= Pro-aging trance =

Sociocultural phenomenon

Pro-aging trance, also known as pro-aging edifice, is a term coined by British author and biomedical gerontologist Aubrey de Grey to describe the broadly positive and fatalistic attitude toward aging in society.

== Overview ==
According to de Grey, the pro-aging trance explains why many people gloss over aging through irrational thought patterns. The concept says that the thought of one's own body slowly but ceaselessly deteriorating is so burdensome that it seems most sensible from a psychological point of view to try to put it out of one's mind. Since aging has been present throughout human history, this coping strategy would be deeply rooted in human thinking. It is striking that, in defending their point of view, those affected often commit fallacies which, from experience, would not be expected of them in a different context.

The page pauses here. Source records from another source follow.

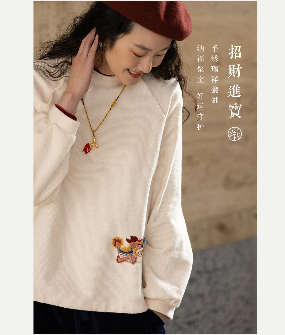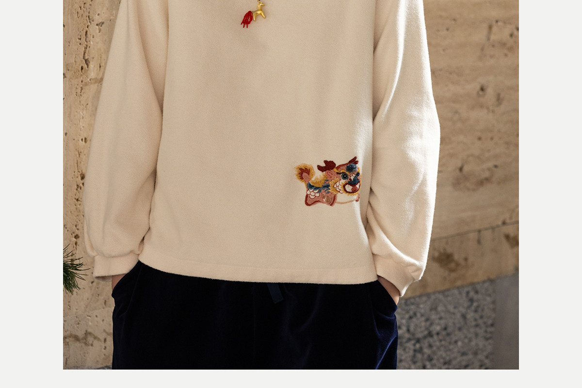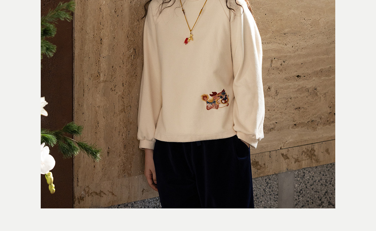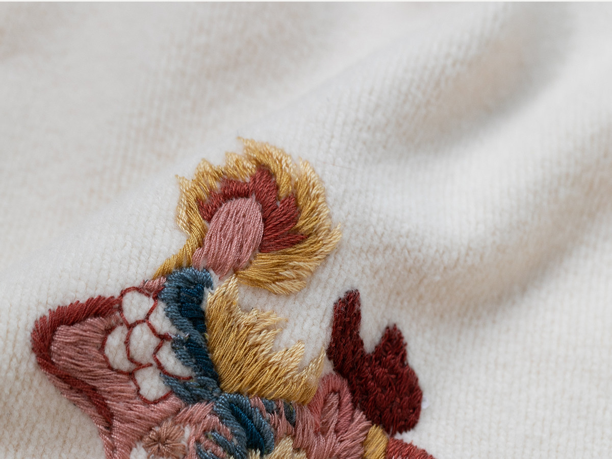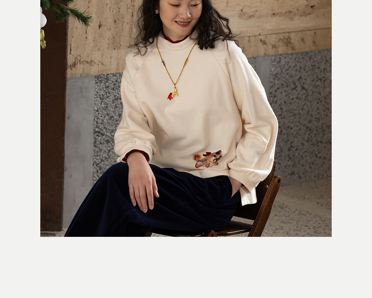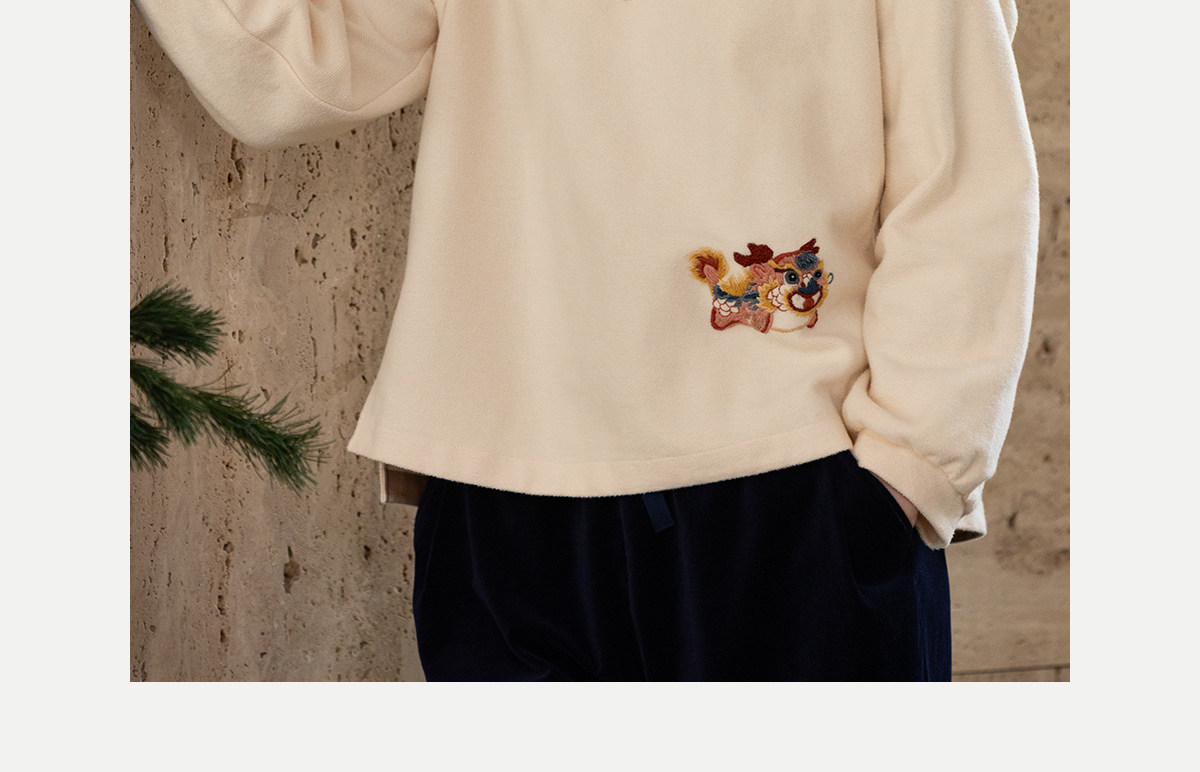 牧衣游原创 32支手工刺绣棉质卫衣春季新款宽松百搭文艺上衣 听溪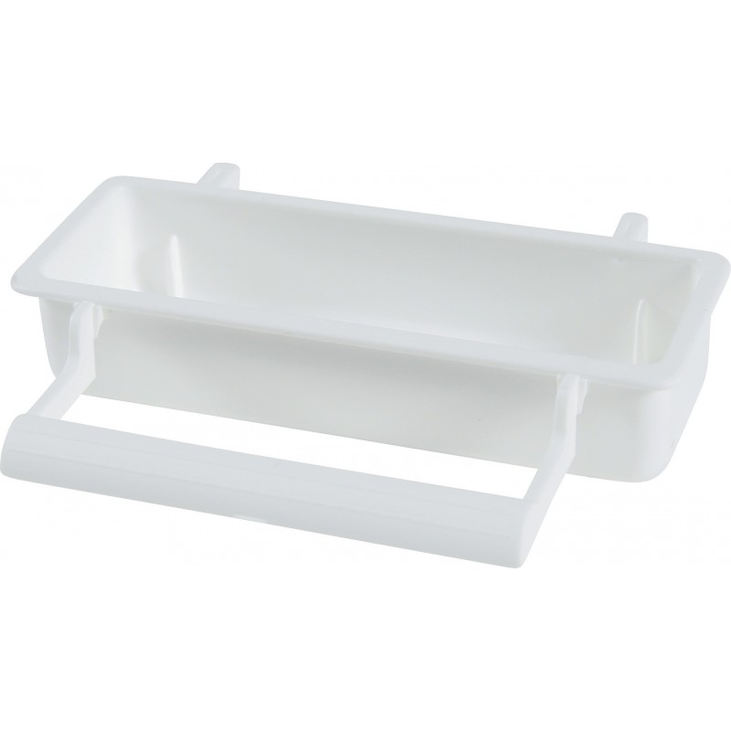 Mangeoire rectangulaire avec perchoir blanche. Pour tous types d'oiseaux. Dimensions : Lxpxh : 7x6x4.3 cm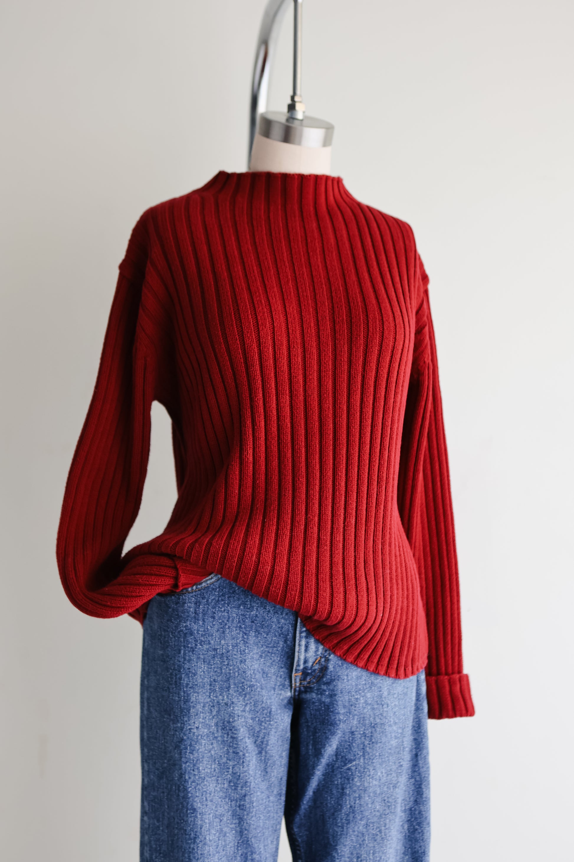 vintage currant red 100% cotton ribbed knit sweater with rollneck collar and cuffed sleeves.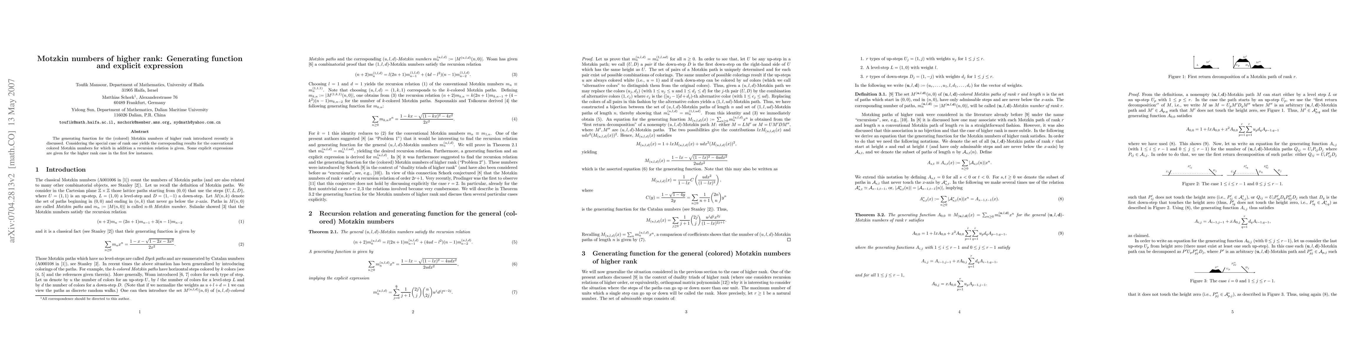 Summary: This paper derives the generating function and explicit expression for higher rank colored Motzkin numbers, and includes a recursion relation for the conventional colored Motzkin numbers when considering the rank one case.
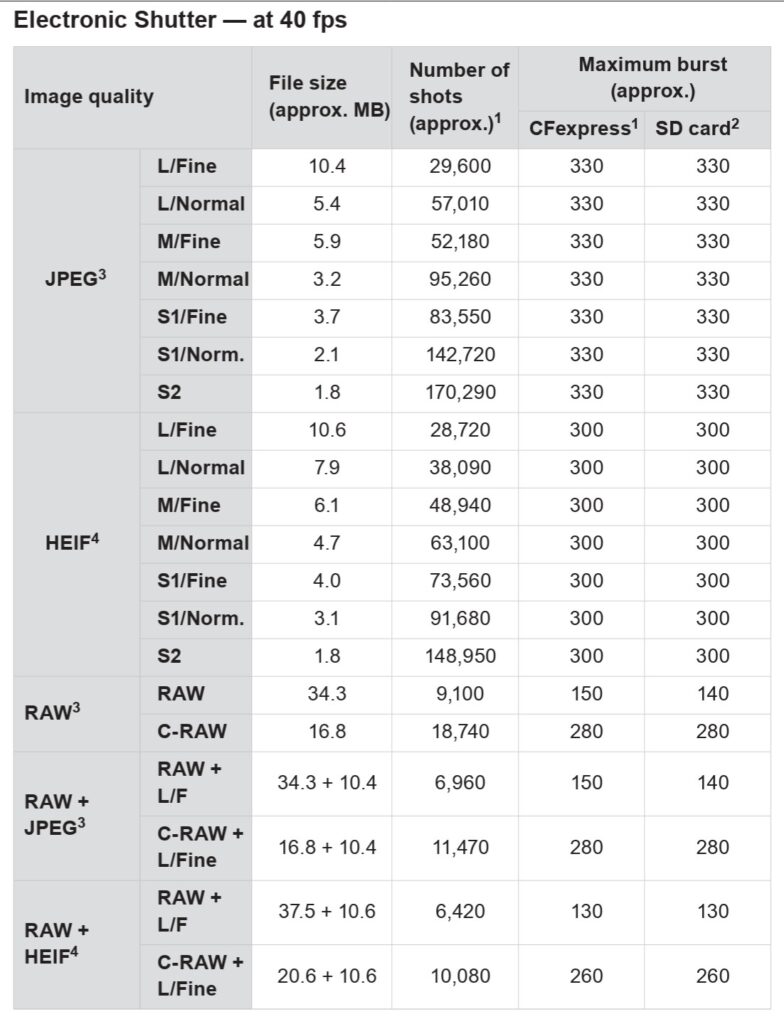 Shooting at the faster 40FPS rate with the electronic shutter means that much more information is having to be recorded, so it is natural that the buffer depth diminishes, but it is still a robust 150 frames even in full RAW. Shooting Compressed RAW increases that figure to 240, and if you are shooting JPEGs, you can get a very healthy 330 frames. Here’s the various options according to Canon.

The name, according to de Grey, comes from the similarity of persons affected to hypnotised people, whose subconscious minds in the trance state prefer to resort to illogical explanations rather than abandon a deeply-held belief.

The pro-aging trance consists both in the belief that the aging process is inevitable and therefore will not be prevented even by future developments, and in the view that any success in the fight against aging would have mainly negative societal effects. Examples cited include boredom, overpopulation, unresolved problems regarding current pension systems, and dictators living forever, but there is no nuanced and factual discussion of counter-arguments and proposed solutions and no juxtaposition or weighing of these potential disadvantages with the benefits of eliminating aging (such as saving about 100,000 lives per day).

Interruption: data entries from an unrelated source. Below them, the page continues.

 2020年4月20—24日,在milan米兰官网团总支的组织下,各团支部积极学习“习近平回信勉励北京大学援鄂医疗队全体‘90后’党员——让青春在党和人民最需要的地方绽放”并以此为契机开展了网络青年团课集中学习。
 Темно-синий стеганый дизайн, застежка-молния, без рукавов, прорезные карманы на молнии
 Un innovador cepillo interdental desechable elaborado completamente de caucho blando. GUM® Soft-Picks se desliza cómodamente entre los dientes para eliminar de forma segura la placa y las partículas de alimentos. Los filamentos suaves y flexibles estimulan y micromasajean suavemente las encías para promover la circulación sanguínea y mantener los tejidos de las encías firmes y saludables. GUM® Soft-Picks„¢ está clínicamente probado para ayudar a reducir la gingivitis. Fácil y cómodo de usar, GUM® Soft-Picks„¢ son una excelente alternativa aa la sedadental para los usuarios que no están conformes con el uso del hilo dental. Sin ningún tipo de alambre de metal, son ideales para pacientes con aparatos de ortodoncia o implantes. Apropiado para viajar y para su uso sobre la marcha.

De Grey assumes that robust mouse rejuvenation will provide a paradigm shift in society in this regard.

== Issues ==
The phenomenon of the pro-aging trance is a hurdle in the rapid development of anti-aging medicine. The reason is that it takes time for people to break out of it and the result of lacking public support is low research funding.

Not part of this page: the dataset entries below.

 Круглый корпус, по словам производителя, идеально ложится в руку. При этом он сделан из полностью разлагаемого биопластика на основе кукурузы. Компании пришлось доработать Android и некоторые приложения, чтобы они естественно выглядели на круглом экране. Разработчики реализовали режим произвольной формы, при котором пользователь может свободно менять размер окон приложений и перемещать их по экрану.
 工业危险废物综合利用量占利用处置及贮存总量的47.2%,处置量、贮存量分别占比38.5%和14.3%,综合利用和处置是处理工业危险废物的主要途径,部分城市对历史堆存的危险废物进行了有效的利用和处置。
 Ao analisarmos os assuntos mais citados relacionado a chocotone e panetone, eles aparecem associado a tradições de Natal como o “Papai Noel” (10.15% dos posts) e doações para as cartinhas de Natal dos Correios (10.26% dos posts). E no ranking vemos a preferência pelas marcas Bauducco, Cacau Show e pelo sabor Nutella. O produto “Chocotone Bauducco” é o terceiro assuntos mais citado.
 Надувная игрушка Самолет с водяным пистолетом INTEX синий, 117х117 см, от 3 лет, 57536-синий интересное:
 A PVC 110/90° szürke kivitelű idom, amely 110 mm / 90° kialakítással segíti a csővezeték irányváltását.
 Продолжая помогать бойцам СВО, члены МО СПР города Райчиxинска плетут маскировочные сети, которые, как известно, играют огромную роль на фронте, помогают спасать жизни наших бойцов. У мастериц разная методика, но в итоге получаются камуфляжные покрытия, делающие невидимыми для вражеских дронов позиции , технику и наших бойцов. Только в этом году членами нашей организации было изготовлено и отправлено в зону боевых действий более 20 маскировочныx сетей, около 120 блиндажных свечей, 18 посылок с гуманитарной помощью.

Furthermore, aging is not socially perceived as a disease to be fought, which is why it is more difficult to get support for fighting it than for fighting cancer, Alzheimer's disease, or similar illnesses. De Grey sees the reason for this in the rhetoric of many gerontologists during the 1950s, 1960s, and 1970s, who usually drew a line in public communication between age-related diseases and "aging itself", even though the former were merely late stages of aging and therefore should not be viewed independently of the aging process. Moreover, he argues that the post-aging world is portrayed predominantly as dystopian in fiction, hence reinforcing people in their assumption that defeating aging is undesirable.

== Reception ==
The American philosopher Benjamin Ross criticises de Grey's approach to aging in his dissertation, saying that it is precisely his activism and the associated intention to wake people up from the pro-aging trance that is, whether he realises it or not, first defined by aging. He and other anti-aging activists would build almost their entire lives around the fact of age-related death. By achieving their goal of defeating the pro-aging trance and, by extension, aging, they would therefore also abolish an important aspect of their identity and the very circumstance that currently gives meaning to their lives. Other works are also critical of the condemnation of the opposition to anti-aging with the term "trance". For example, it is mentioned that this, just like the "deathism" denounced by Nick Bostrom, prevents an evaluation of the discussion beyond the binary view of "death bad, extended life good".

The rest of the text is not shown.